In a study released earlier this month called “The Economy Goes to College: The Promise of Higher Education in the Post-Industrial Age,” Georgetown University’s Center for Education and the Workforce (CEW) found that the well-paid, low-skill manufacturing jobs of the past have been replaced with high-skill service jobs requiring a college degree. Looking at the shift from an industrial economy in 1967 to a postindustrial economy in 2007, the study shows how changes in modes of production and consumption explain the rise in the college-educated service economy.
For example, technological advances in manufacturing driven and managed by college-educated workers have tripled output of mass production from $100,000 to $300,000 per person. These sharp increases in productivity have decreased the total manufacturing jobs available from 40% to 10% and increased the proportion of high-skill manufacturing jobs requiring a college education from 20% percent to more than 50%.
Increased mass production has lowered the cost of goods, allowing consumers to spend less in these areas and more in service industries, such as healthcare and business. The increase in disposable income has also allowed consumers to demand more variety and customization in their products. To meet these increasingly complex demands, employers are now requiring a higher skill set and education level in their workers.
Due to these changes, the wage difference between degree and non- degree holders has grown. In 1979, the wage premium for degree holders was 36% for males and females alike. By 2007. The wage premium skyrocketed to 82% for males and 75% for females. The authors of the report conclude that the increased wage premium for college educated workers is due to a lack of skilled and educated workers to fill job market demand, therefore widening the pay gap. As cited in the report, “It has become clear that in the future young adults will have to have some sort of postsecondary credential (including certificates) if they are going to earn middle-class salaries.”

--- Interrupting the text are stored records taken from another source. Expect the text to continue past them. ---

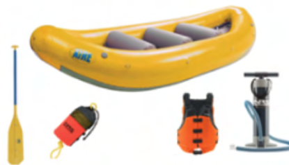
13' Super Puma Raft Paddle Package (7 people)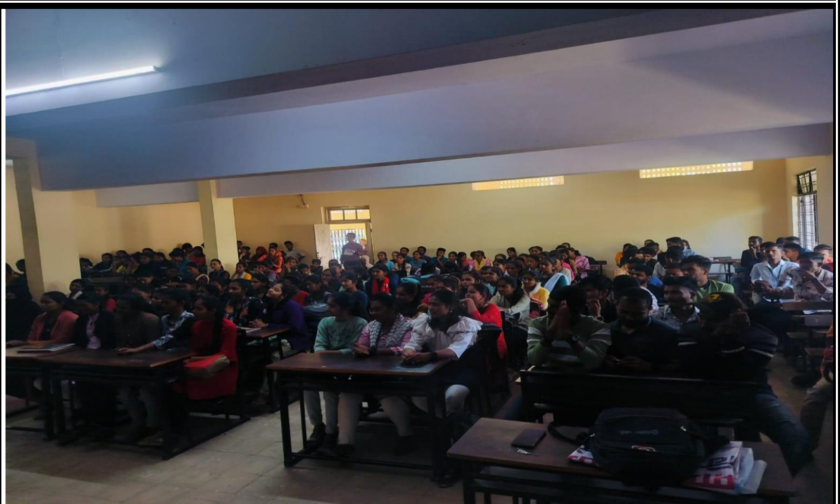
with the Participants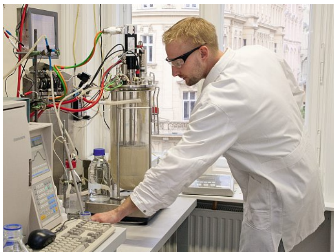
Researchers at the Institut für Verfahrenstechnik, Umwelttechnik und Technische Biowissenschaften at the Vienna University of Technology have developed a method of obtaining information much faster than before with the aid of metabolism of micro-organisms which increases productivity.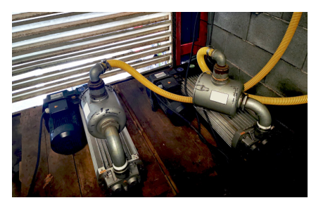
NOVADRY ND65 remotely installed and running on tumbling process.

Last but not least, the 100% oil-free feature avoids the use of hydrocarbons, which are more and more difficult to recycle, for a positive impact on the environment!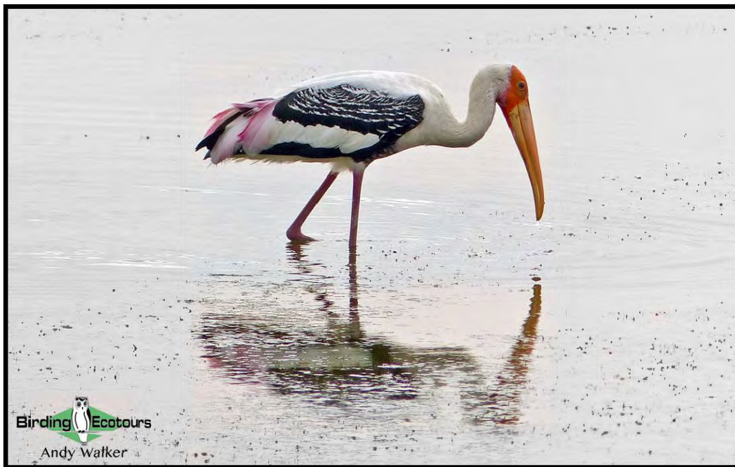
Painted Stork can be seen in Udawalawe National Park.

The birds on offer here include Sri Lanka Woodshrike, White-bellied Sea Eagle, Green Bee-eater, Blue-faced Malkoha, Coppersmith Barbet, Yellow-eyed Babbler, Rosy Starling, Jacobin Cuckoo, Grey-bellied Cuckoo, Jerdon's Bush Lark, Ashy-crowned Sparrow-Lark, Indian Pitta, White-browed Fantail, Little Swift, Brahminy Starling, Paddyfield Pipit, Blyth's Pipit, Orange-breasted Green Pigeon, Spot-billed Pelican, Yellow-wattled Lapwing, Painted Stork, Woolly-necked Stork, Indian Peafowl, Indian Robin, Black-winged Kite, and Indian Stone-curlew. Migrant species like Red-rumped Swallow (with paler red belly and rump). Western Yellow Wagtail, White Wagtail, and Citrine Wagtail may show up too.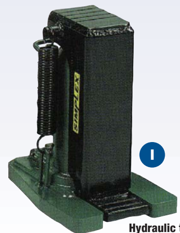
I Hydraulic toe jack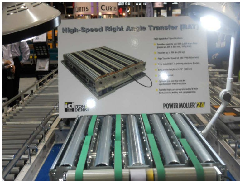
F-RAT – High Speed Right Angle Transfer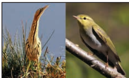
Yorkshire Wildlife Calendar 2013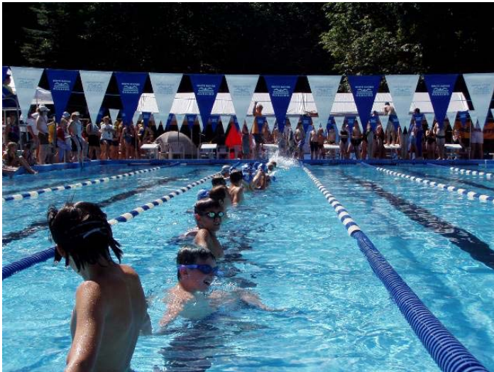
The human chain...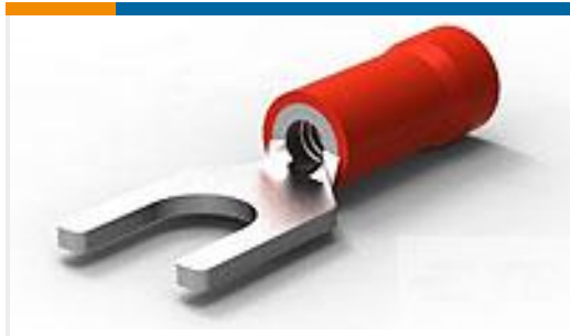
TE Part #165008 PLASTI-GRIP, SPADE 22-16 8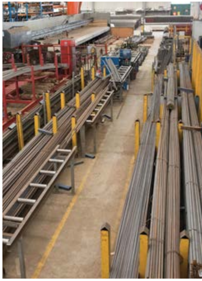
Below Herzog Steel provided 10-12 tonnes of steel each week to the SQ1 Southquay development.

Classic Scaffolding has been involved in a variety of building projects over the years but, their work on SQ1 Southquay was the company's biggest job to date. 200 tonne of scaffolding was required for the SQ1 Southquay project which was erected and maintained by Classic Scaffolding staff and subcontractors.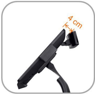
All-in-one panel PC type with ultra-slim design

High performance All-in-One POS Terminal –15" panel PC style with aluminum enclosure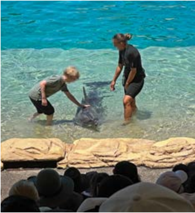
Image: Direct contact with a dolphin during the Affinity Dolphin Show.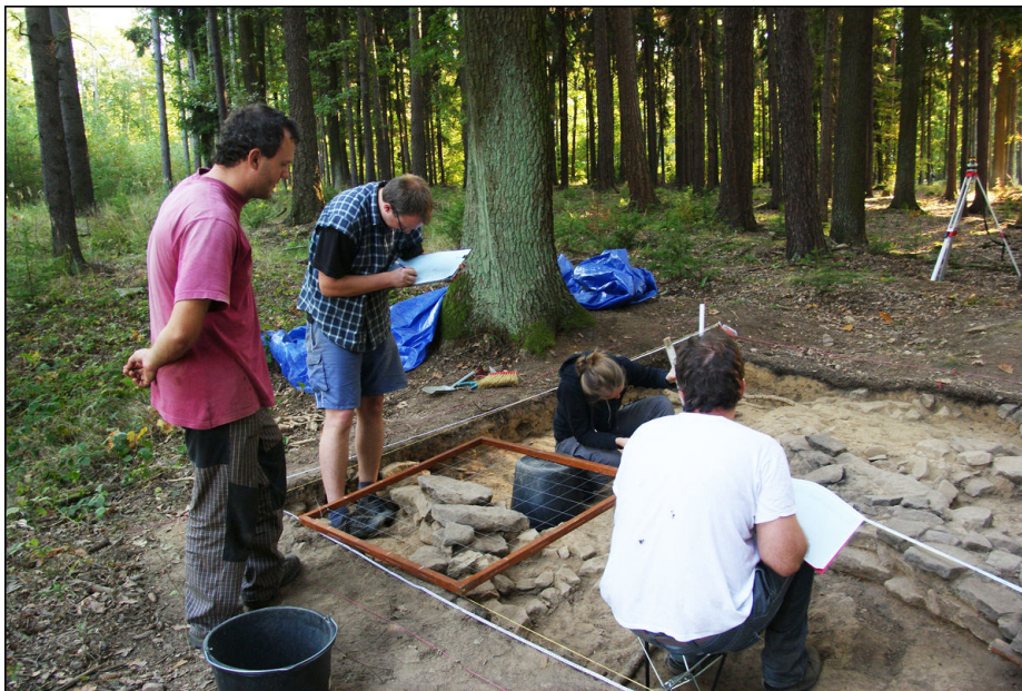
Archaeological field works.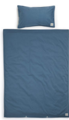
Tender Blue 70220122190NA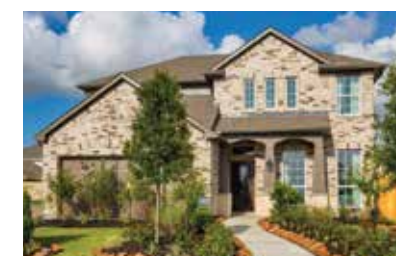
Smith Douglas Homes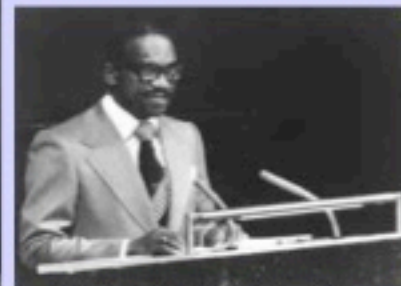
L'intervento di Sir Eric Gairy alla tribuna dell'assemblea generale ONU

Rapporto su gli UFO all'ONU, 14-luglio 1978: ...Gordon Cooper, Jacques Vallée, Claude Poher, Allen Hynek, Sir Eric M. Gairy con il Segretario Generale ONU Kurt Waldheim... nell'ambito della 33° Assemblea Generale delle Nazioni Unite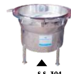
▲ S.S. 304 CHASNI / RASGULLA KETTLE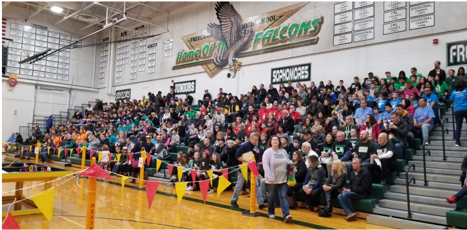
READY, SET, LEGO!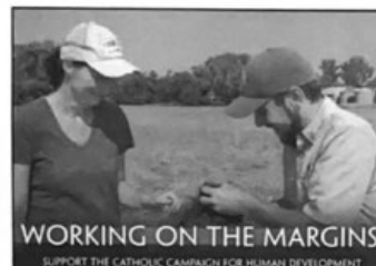
Working on the Margins Campaign for Human Development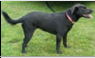
I love this place.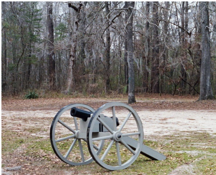
Replica of cannon used at Battle of Brier Creek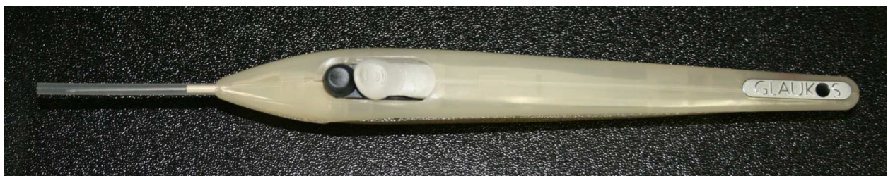
Fig. 8. iStent® inject inserter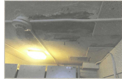
Roof leaks in the Carmel High School music building

Many of our schools and classrooms have outdated electrical wiring, old plumbing and piping, and other underground utilities that are original to the schools and require replacement to minimize costly repairs. Some classrooms don't have sufficient heat on some days or air-conditioning on others.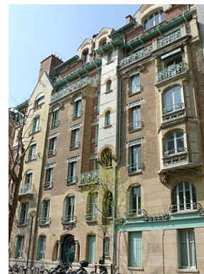
Hector Guimard, Castel Beranger , Art Nouveau, France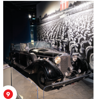
9 Hitler ododaban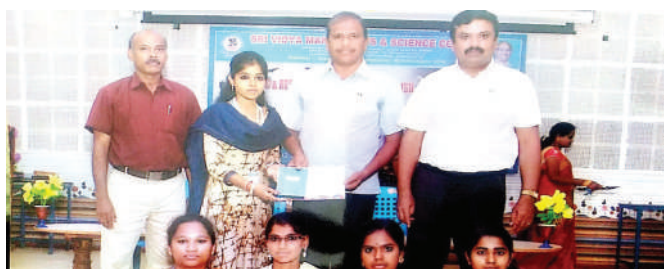
Students receiving prize in the IDEAL FEST' 2019 held on 09.02.2019 at SVM College.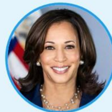
@KamalaHarris on X.

Learn more about this week's story here . Watch this week's useful video here . This week's Virtual Picture News here .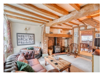
Bridgend Cottage, 43 Cartway, Bridgnorth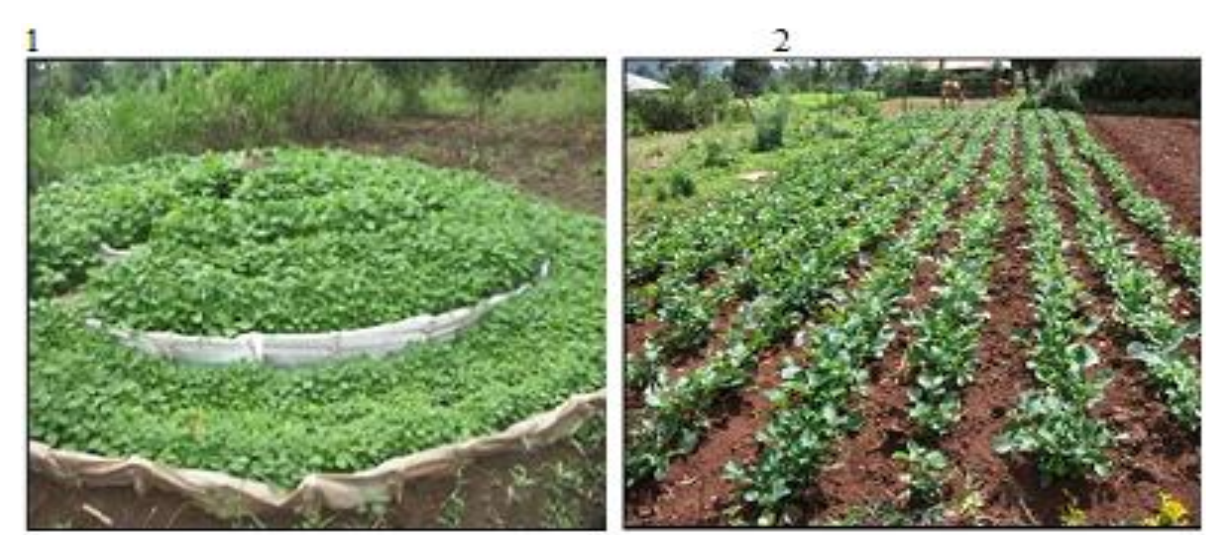
Figure 3. A caption of vegetable crops growing on 1 PILA and 2 Flat beds.

Table 4. Differences in the means of the agronomic indicators of selected vegetables on PILA structures and flat cropping beds for Jinja.

The study recommends that more must be done to expand access to postsecondary education. Understanding the inequities produced along the lines of class, race and ethnicity, education can help to address these disparities for some of the most affected groups, African Americans and Hispanics. This includes not only making postsecondary education more readily available, but providing greater access for African Americans and Hispanics at more highly selective, top-tier schools where students are more likely to graduate. The graduation rates of Hispanics and African Americans at such institutions are 73% compared to 40% at less selective colleges.